If you must bind, be gentle with yourself. On your off-time, or if you choose not to bind at all, puffer vests are your new best friends. Seriously. Get your Marty McFly on. Not your style? Your loss, you unfashionable fool, but scarves, loose-fitting button-downs, and bomber jackets can help as well.

Okay shut the fuck up.

If it’s a decision between hurting myself but feeling confident, or killing myself because I don’t feel like I belong in my own body, I think I’d choose the former.

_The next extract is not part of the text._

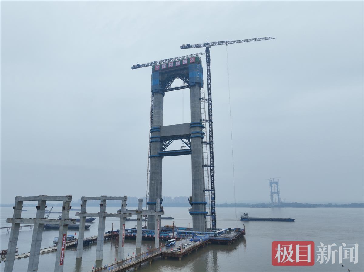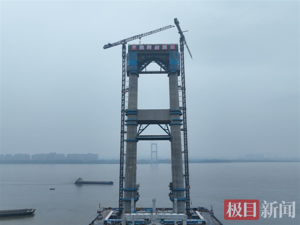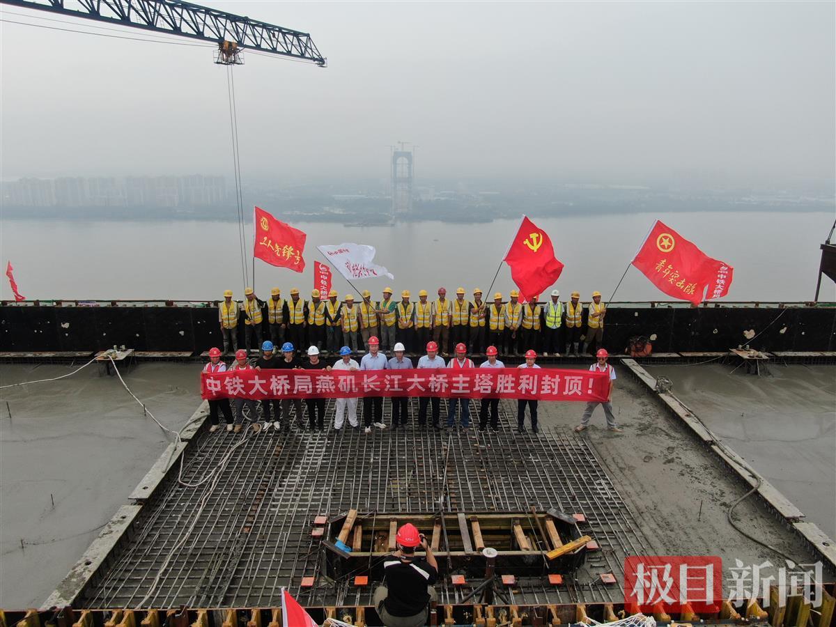 7月14日,随着燕矶长江大桥水中主塔最后一方混凝土浇筑完成,由湖北交投投资、中铁大桥局承建的世界最大跨度四主缆体系悬索桥主塔全部封顶,标志着大桥建设取得重大突破,下一步将转入主缆施工阶段。此次封顶的主塔位于大桥北岸,也是全桥最高主塔。

That’s your prerogative. I never told anyone NOT to wear a binder. However, it’s a major medical decision, and minimizing or dismissing the very real and common side-effects is not good for anyone, especially young people just beginning to transition. Like I said, sometimes the psychological benefits outweigh the physical costs – if not wearing a binder makes you suicidal, then clearly continuing to wear a binder is the correct decision for you.

The problem lies in presenting binders as a miracle solution that everyone can and should try if they are distressed by the appearance of their chest, or that only “incorrect” binding (as with ace bandages) poses any dangers. Some people may develop complications that make it impossible for them to continue binding. It is vitally important that people are aware of the potential harm before they begin and are able to make informed decisions by weighing their own priorities and exploring alternatives.

Unlike surgery or hormones, binders are not medically regulated and don’t require you to understand what you’re getting into. That means we have to look after each other, and in this case, that means being honest about safety.

I would also really appreciate if we worked on respecting people who can’t bind anymore because of complications, and not treating them as not “really” trans or continuing to use their assigned gender to refer to them.

Like, it’s an issue with gatekeepers, but it’s also an issue within the trans community.

To add to the last remark:  Assuming that people who can’t bind for medical reasons would bind (even if life-threatening) if they were really “trans enough”.  Assuming there’s only one way that trans people feel about their bodies, that this way never changes over time and can’t ever be changed in any way by anyone, and that those who have (or can behave as if they have) the most agony around their bodies are the most genuinely trans people… all of these assumptions are false and harm a lot of trans people both directly and indirectly.  Some of them are specific to assumptions around transness while some of them have ties to the way people think about membership in oppressed groups in general (even groups where dysphoria isn’t considered an integral part of their identity, seem to have a thing where the most genuine group membership is asserted by showing the most signs of severe suffering in a public way).  That’s the other thing, not everyone is public about how we feel about our bodies, assuming you know how we eel on that basis isn’t cool.  Assuming there’s only one “real” way trans people feel about their bodies is also not cool.  These are responses to things I’ve seen over the past 15 years or so, not just things on this thread or something. Also there’s trans people and gender-atypical people who don’t think about the world through the same concepts that the mainstream trans community uses to describe both transness and gender in general and that’s not well-known and certainly not well-respected.  Why people have to always form hierarchies like this is anyone’s guess.